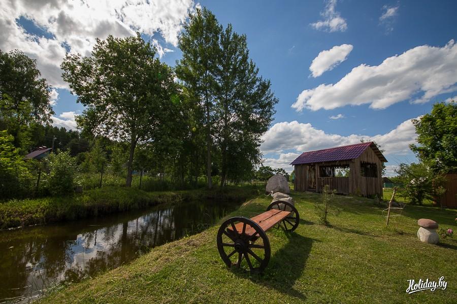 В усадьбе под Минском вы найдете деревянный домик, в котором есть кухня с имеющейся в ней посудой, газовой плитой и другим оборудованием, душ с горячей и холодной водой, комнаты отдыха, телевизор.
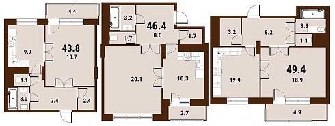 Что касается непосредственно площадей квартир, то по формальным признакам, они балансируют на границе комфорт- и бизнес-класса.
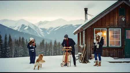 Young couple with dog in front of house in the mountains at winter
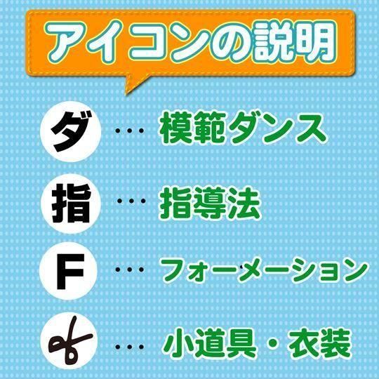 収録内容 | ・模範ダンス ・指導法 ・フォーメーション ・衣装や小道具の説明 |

* TASK TO COMPLETE: Every line of the data above is to be set down word for word, with the pictures left out.

* SOLVED EXERCISE:
 В усадьбе под Минском вы найдете деревянный домик, в котором есть кухня с имеющейся в ней посудой, газовой плитой и другим оборудованием, душ с горячей и холодной водой, комнаты отдыха, телевизор.
 Что касается непосредственно площадей квартир, то по формальным признакам, они балансируют на границе комфорт- и бизнес-класса.
 Young couple with dog in front of house in the mountains at winter
 収録内容 | ・模範ダンス ・指導法 ・フォーメーション ・衣装や小道具の説明 |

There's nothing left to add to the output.